Water collection methods:
- Water collection net: The net is hung between two poles in a vertical position. It has a large surface area to maximize the amount of fog it traps. Fog goes through it whilst leaving behind droplets of water which flow down and are collected. This method has been adopted in countries like Chile where they have a lot of fog, and Israel which is a mostly a desert but is now a leading exporter of agricultural products.
- Liquid collecting permeable structure: A net is however not the only surface that is used to collect water. A research team led by Kyoo-Chul Park of Harvard, for example, created a surface replicating the beetle’s shell. The surface is made up of hundred of grooves that grow wider at the bottom to permit easier runoff. Its slick waxy surface made from a pitcher plant further aids in the runoff. This invention has resulted in increased efficiency in industries that rely on condensation not to mention provision of water to areas that have it in short supply.
- Dew bank bottle: Another fantastic invention is the Dew Bank Bottle that is placed outside at night to collect water. It is made of stainless steel because of its cold property. Since it gets really cold during nights in the desert, bottle gets colder than the air so water droplets condense on the surface. The droplets immediately collect into the bottle through openings only wide enough for water to penetrate to prevent contamination.

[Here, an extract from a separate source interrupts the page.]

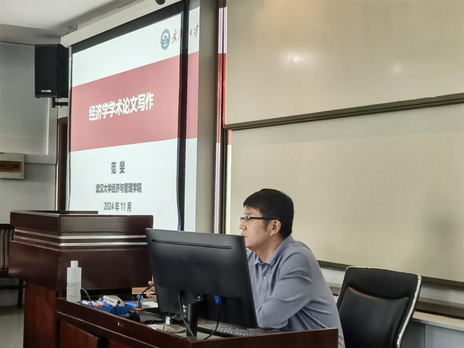 2024年11月1日,武汉大学范斐教授做题为“经济学学术论文写作”学术报告。范斐教授从选题确定,数据收集和研究方法,论文撰写注意事项,论文修改完善重点,中英文目标期刊选择,审稿意见回复这六大重要板块,深入浅出的讲解了一篇经济学学术论文的产生全过程,引发参会者关于学术论文写作方法的讨论,与会师生均深受启发、收获颇丰。

Researches shows that O. unguicularis is the only one of our four model beetles that assumes a head standing fog-basking stance in a low temperature environment with artificially produced fog. A comparison of the fog-water harvesting efficiency of the elytra of the fog-basking and non-fog basking beetles reveals that the small S. gracilipes and the fog-basking O. unguicularis were the better fog water harvesters, while the large P. cribripes was the worst. The differences in water collecting efficiency were however minor and it has been concluded that it is the fog basking behaviour itself (i.e. moving to the top of the sand dune ridges and assuming the fog-basking stance) rather than physical adaptations that is the important factor allowing O. unguicularis to exploit fog as an alternative.